On Monday, U.S. District Judge Yvonne Gonzalez Rogers began hearing arguments in the antitrust case that Epic Games, the studio behind Fortnite, has brought against Apple.
The questions at face value: Is Apple running a monopoly with its App Store? Should it be allowed to take 30% of revenue from every purchase made through Apple’s in-app purchase system?
- The case could force Apple to change the business model of its App Store and potentially the entire ecosystem of iOS. Depending on the outcome, it could change how smartphone and tablet apps work, how companies are able to distribute them, and the relationships allowed between buyers and sellers. Regardless of the exact outcome, this lawsuit could also prompt lawmakers to pursue more aggressive antitrust legislation in the U.S. and abroad.
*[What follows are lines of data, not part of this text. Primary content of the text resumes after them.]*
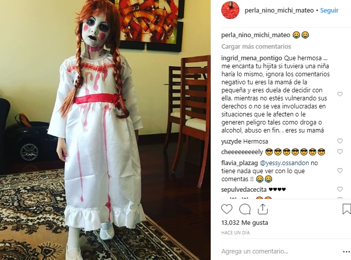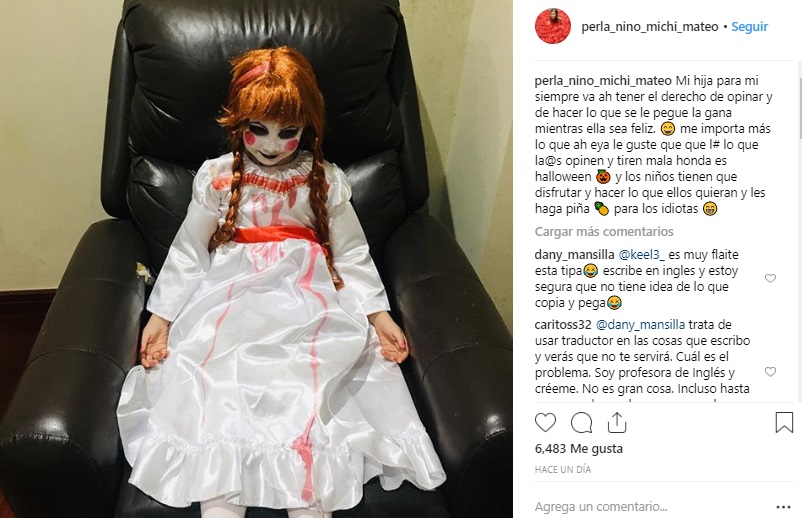 El más criticado fue el de la pequeña, que quiso disfrazarse de la muñeca "Annabelle", que se veía muy realista y por eso muchos usuarios consideraron que no era apropiado para su edad.
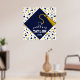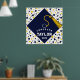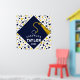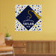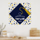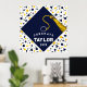 Kreativ examensfestaffisch med en marinblå examensmössa med gul tofs på en konfettibakgrund. För att anpassa, redigera text lägg till hans eller hennes namn och avgångsklassens år.
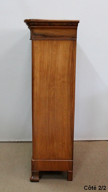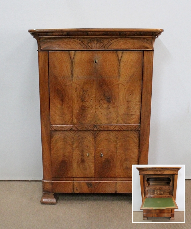 Secrétaire d’époque Restauration en placage de Ronce de Noyer et Noyer Massif doté en partie haute d’un tiroir en ceinture s’ouvrant par deux encoches en dessous.
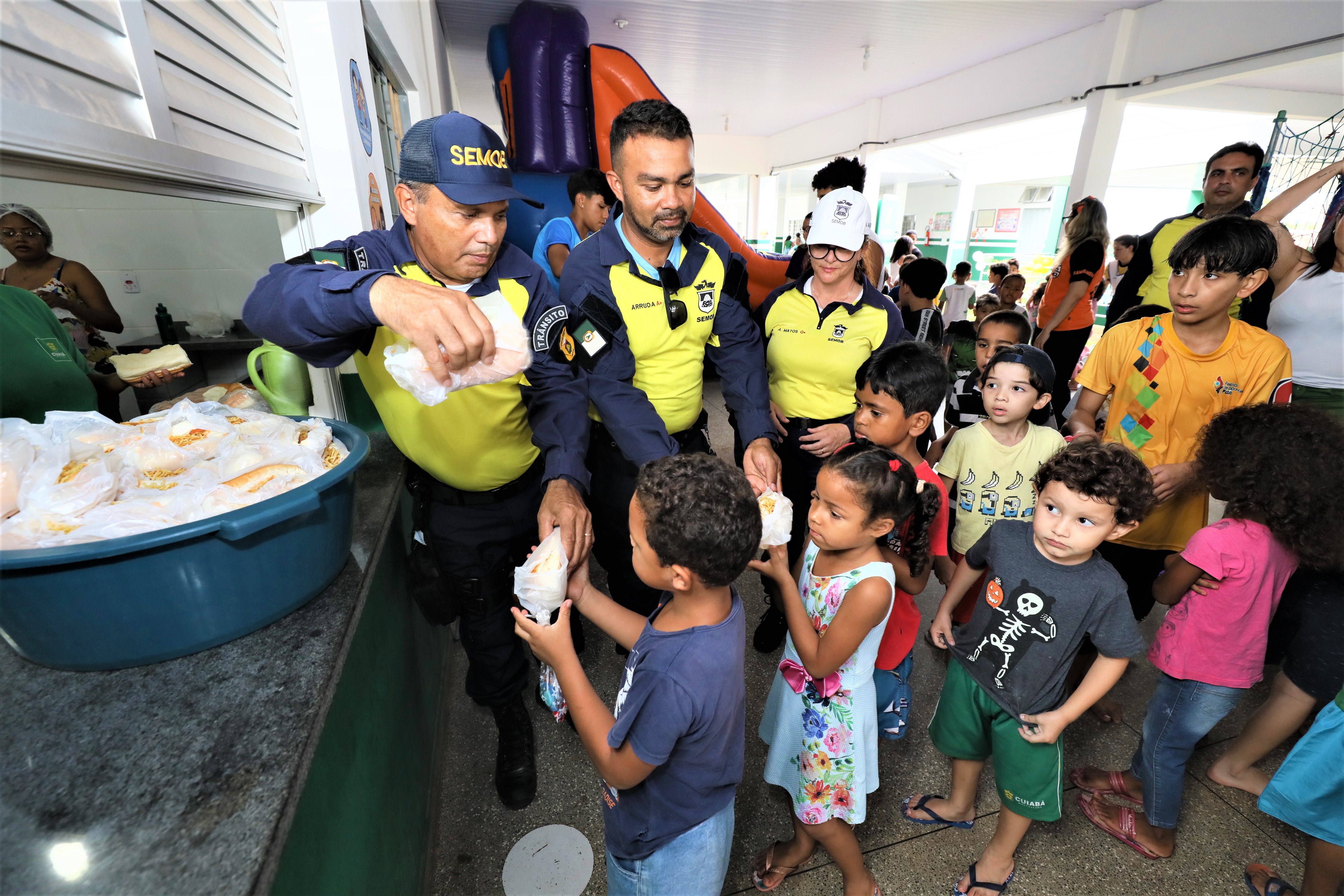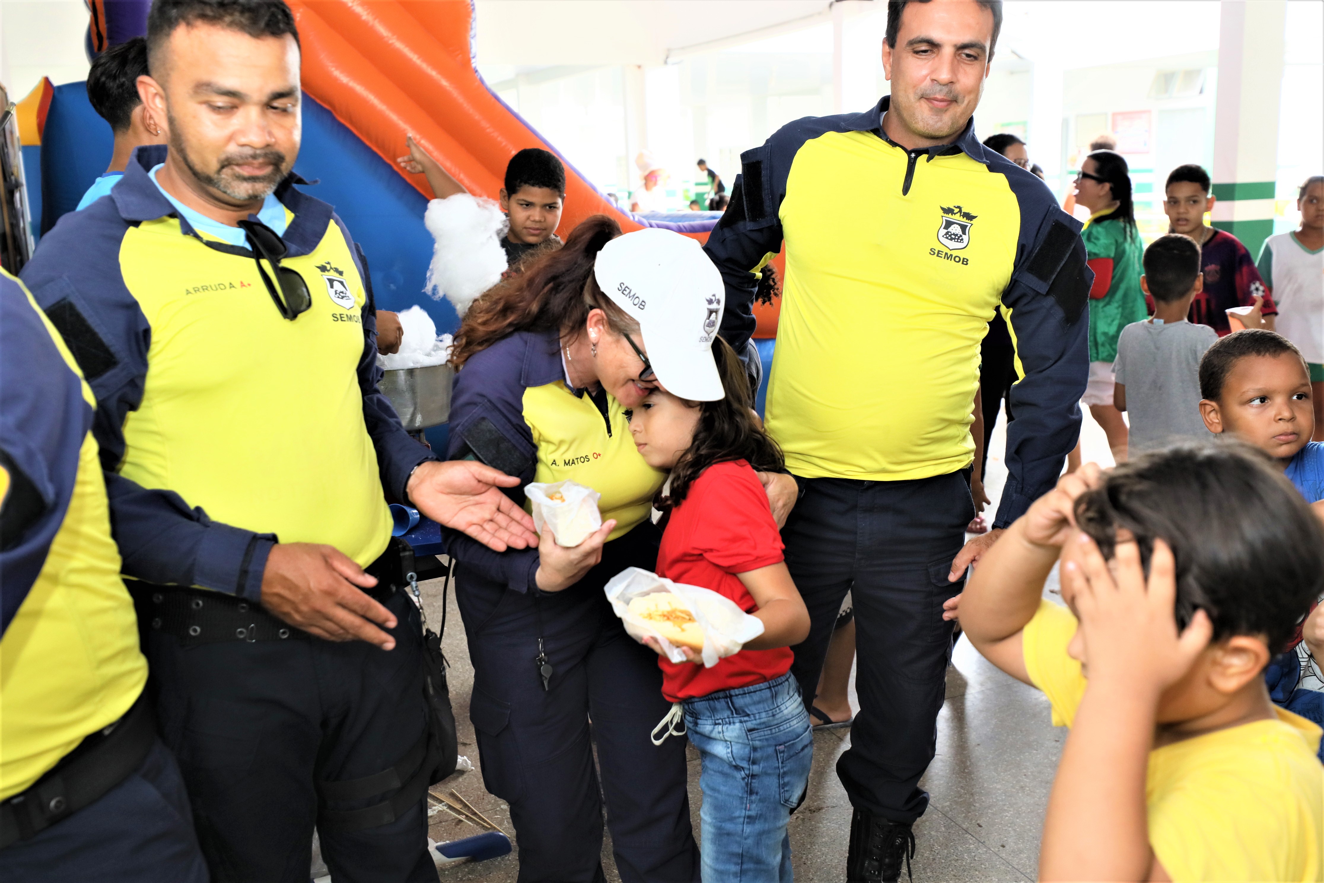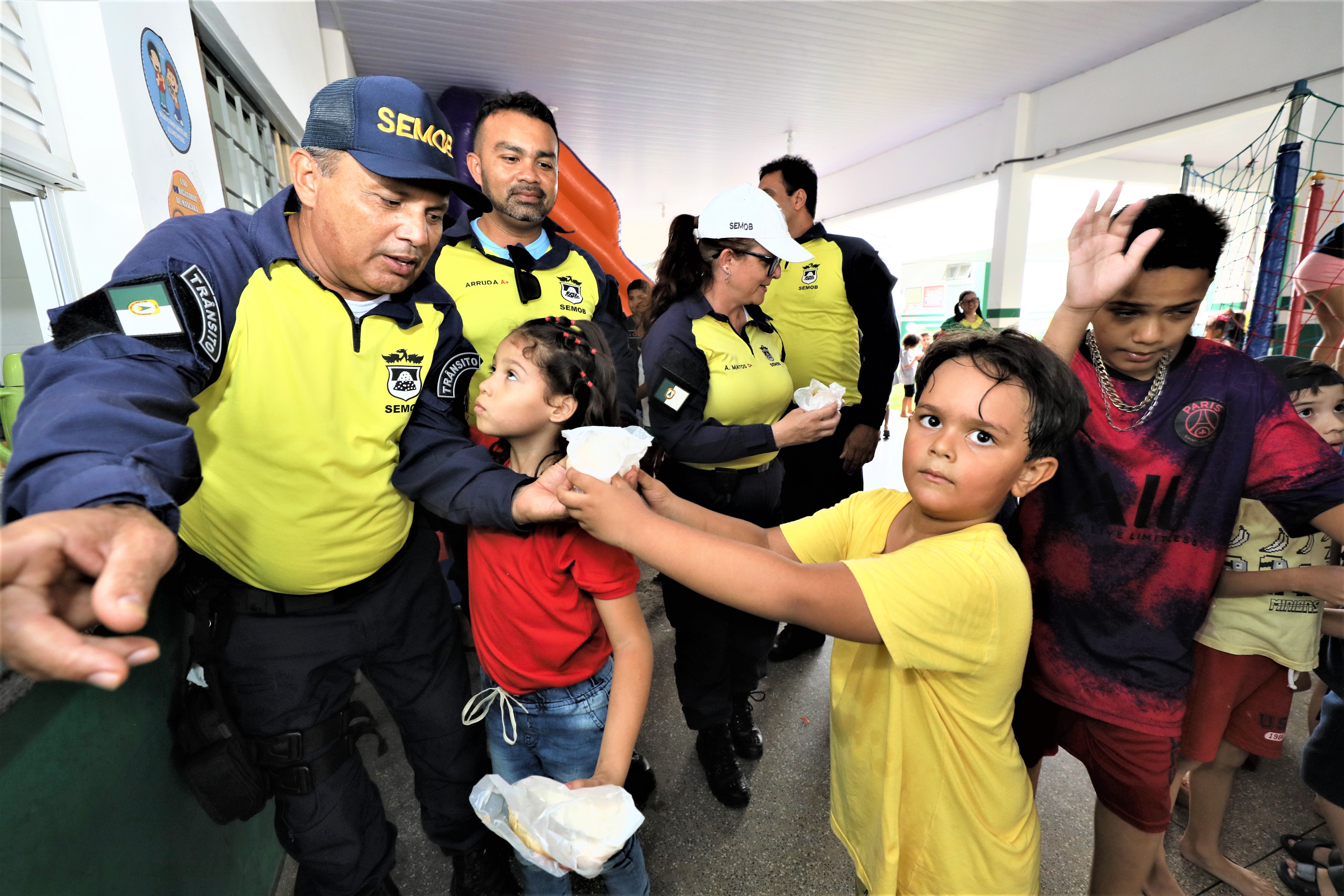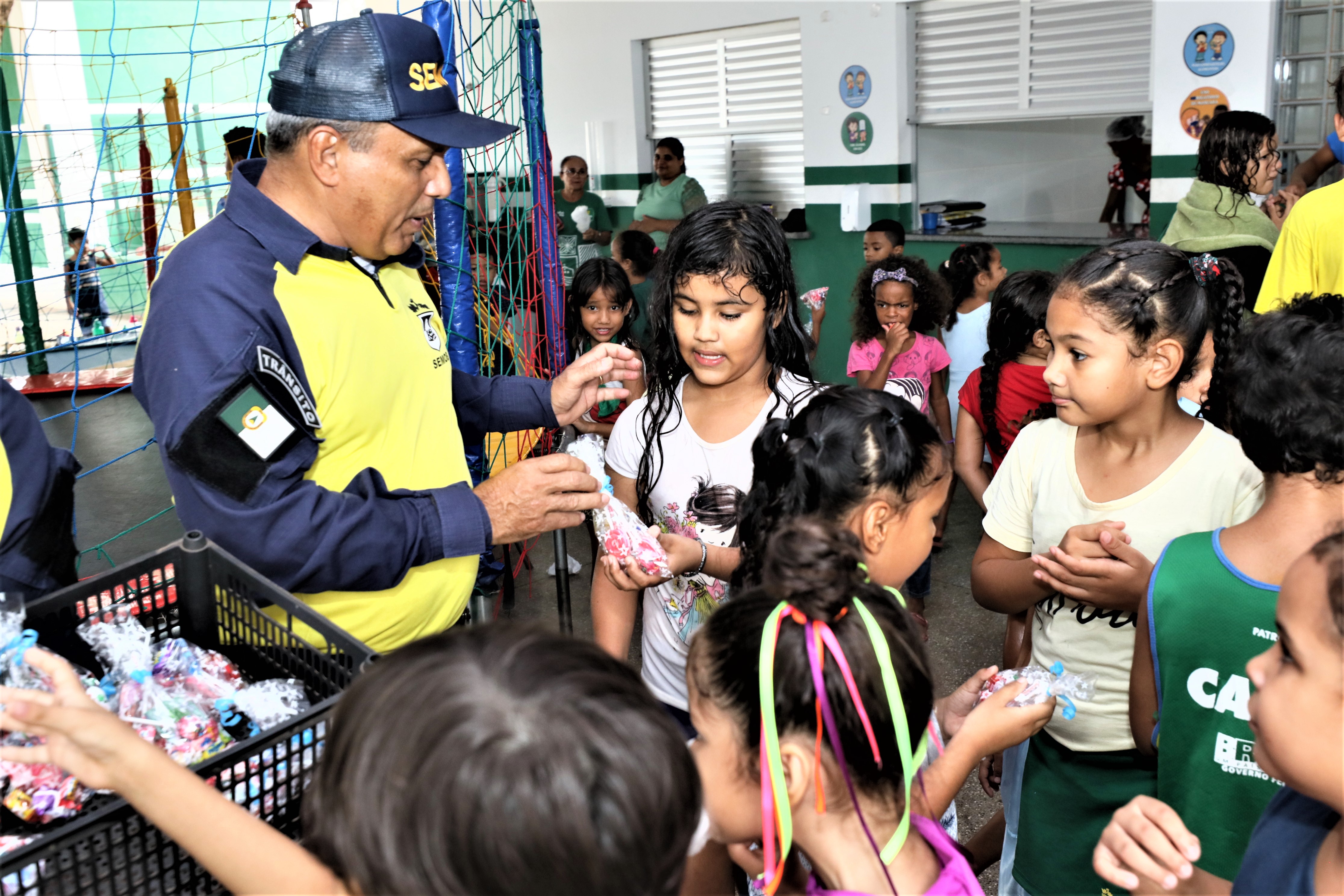 Os agentes de trânsito da Secretaria de Mobilidade Urbana (Semob), da Prefeitura de Cuiabá, realizaram na manhã de terça-feira (11), a entrega de brinquedos para crianças e adolescentes internados no Hospital Municipal de Cuiabá Dr. Leony Palma de Carvalho (HMC) e também para alunos da Escola Municipal Irmã Maria Betty, no bairro Novo Mato Grosso. Os atos de solidariedade integram a semana de atividades comemorativas ao 'Dia das Crianças', celebrado nesta quarta-feira, 12 de outubro. Bolas, bonecas, carrinhos e fones de ouvido foram distribuídos.
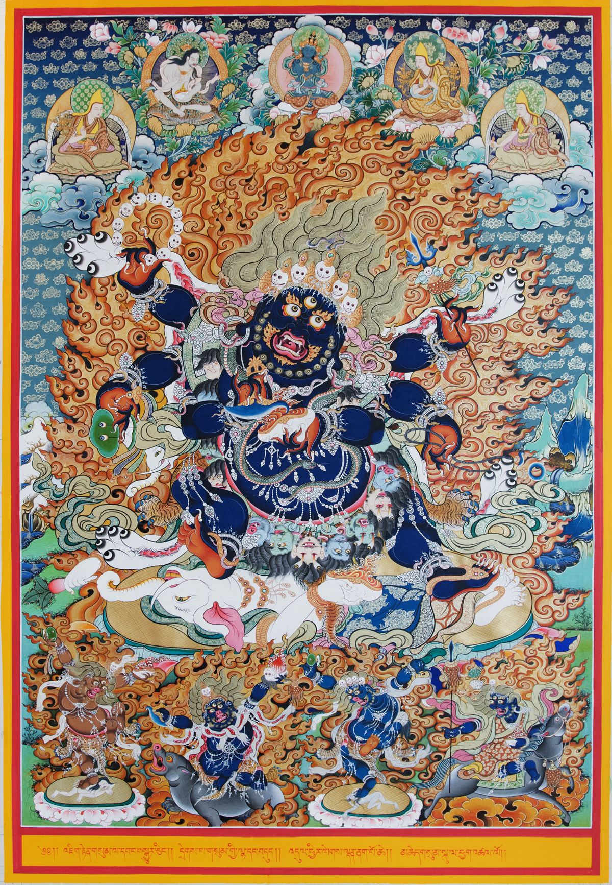 “貢布”護(hù)法神全身青黑,威武神勇,腳踝佩戴著腳鏈以作裝飾,腳下踩著象頭魔,這象頭魔梵語(yǔ)叫毗那耶迦(Vinayaka),后來(lái)成為佛教一位財(cái)神護(hù)法。他手里拿著一根白蘿卜,仰臥在蓮花日輪之上,這白蘿卜象征財(cái)富。“貢布”的腰間系著虎皮裙。共有六條手臂,在每條手臂上,都有蛇圍繞,猶如臂環(huán)手鐲一般。右邊三手從上到下分別持彎刀、骷髏念珠和手鼓,左邊三手從上到下依次持盛血顱器、三叉杖和伏魔索。左右最上兩手右彎刀、左顱器置于胸前。
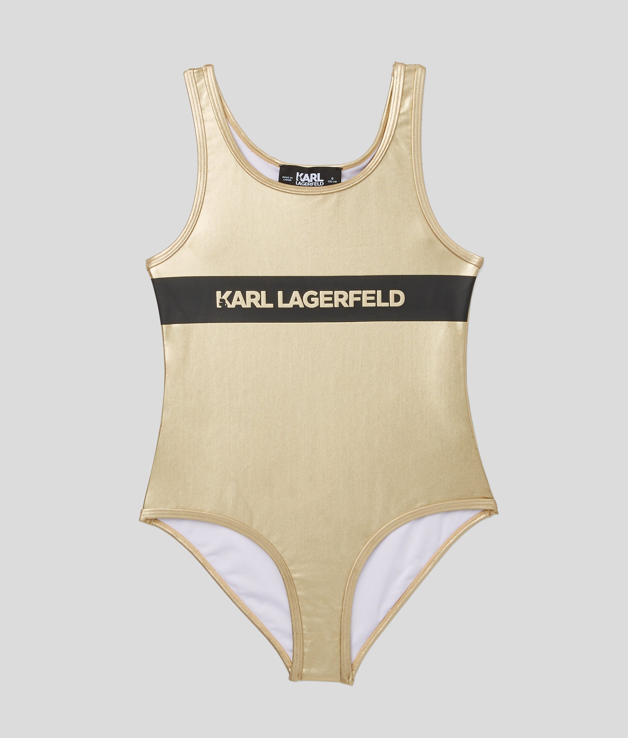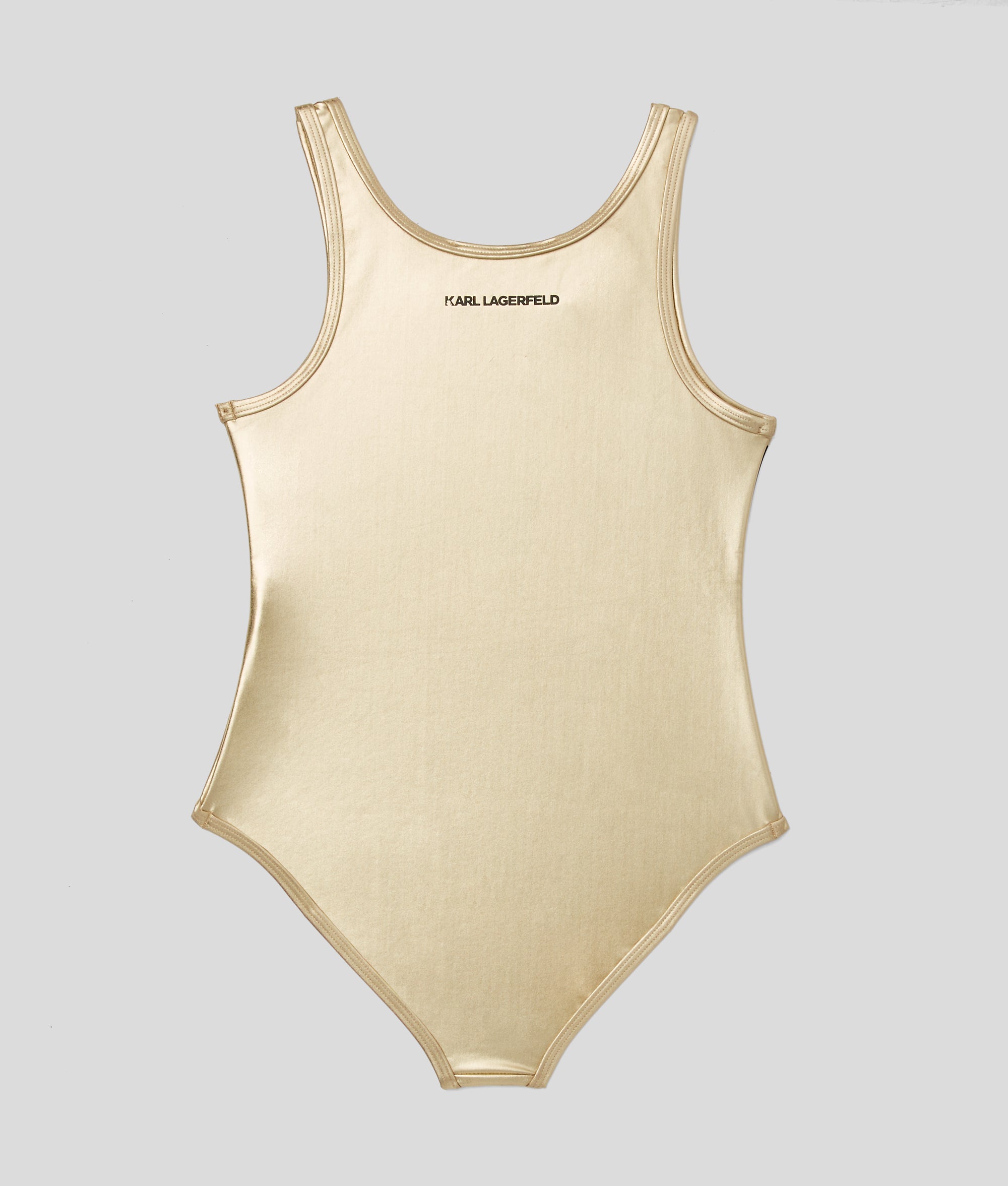This vibrant swimsuit is a must-have for summer adventures. The one-piece silhouette features a scoop neck and back. and a striking KARL LAGERFELD-branded band at the chest.

The questions under the surface: Will people continue to be able to choose a smartphone with a “walled garden” ecosystem with uniform quality standards for software? No such ecosystem exists for computer software. And like the computer software marketplace, the outcome of such an environment would likely be cheaper apps but with less quality control and security — will this make people better off?
Background: Epic Games is the creator of Fortnite, one of the most popular video games on the planet. At its most basic, Fortnite is a free battle royale-style game, but it now doubles as a social world (sometimes referred to as a “metaverse”) in which virtual events take place.
In Aug. 2020, Epic Games launched an update to the Fortnite iOS app that allowed gamers to bypass Apple’s payment system and pay Epic directly, violating the terms of service for the App Store. In response, Apple removed Fortnite from its App Store and cut off Epic’s access to its Mac and iOS developer accounts, prompting Epic Games to sue Apple (a judge later ordered Apple to restore access to the developer accounts).
Epic’s side: Apple’s App Store is the only way to install apps on the iOS operating system. Apple says this protects the ecosystem of iOS and the security of its users. Epic alleges that Apple is using this position as a means to thwart competition and run a monopoly. In addition to taking a 30% cut from initial purchases in the App Store and subsequent in-app purchases, developers have to follow rules laid out by Apple and be approved on the App Store before anyone is able to install their software. Epic hopes to be given license to run its own payments and distribution platform within iOS — separate from the Apple App Store.
The U.S. smartphone operating system market is split evenly between Apple and Google (owner of the Android operating system). The overall market is a duopoly, but Epic claims that the “market” in this suit should be defined more narrowly as just iOS.
According to the Federal Trade Commission (FTC), U.S. law prohibits monopolies from “tying the sale of two products.” In specific, it seeks to stop a monopolist from using “forced buying, or ‘tie-in’ sales, to gain sales in other markets where it is not dominant and to make it more difficult for rivals in those markets to obtain sales.” Epic is essentially claiming that the App Store marketplace and the payment system are two separate products that have been tied together in a way that abuses its power and deters competition.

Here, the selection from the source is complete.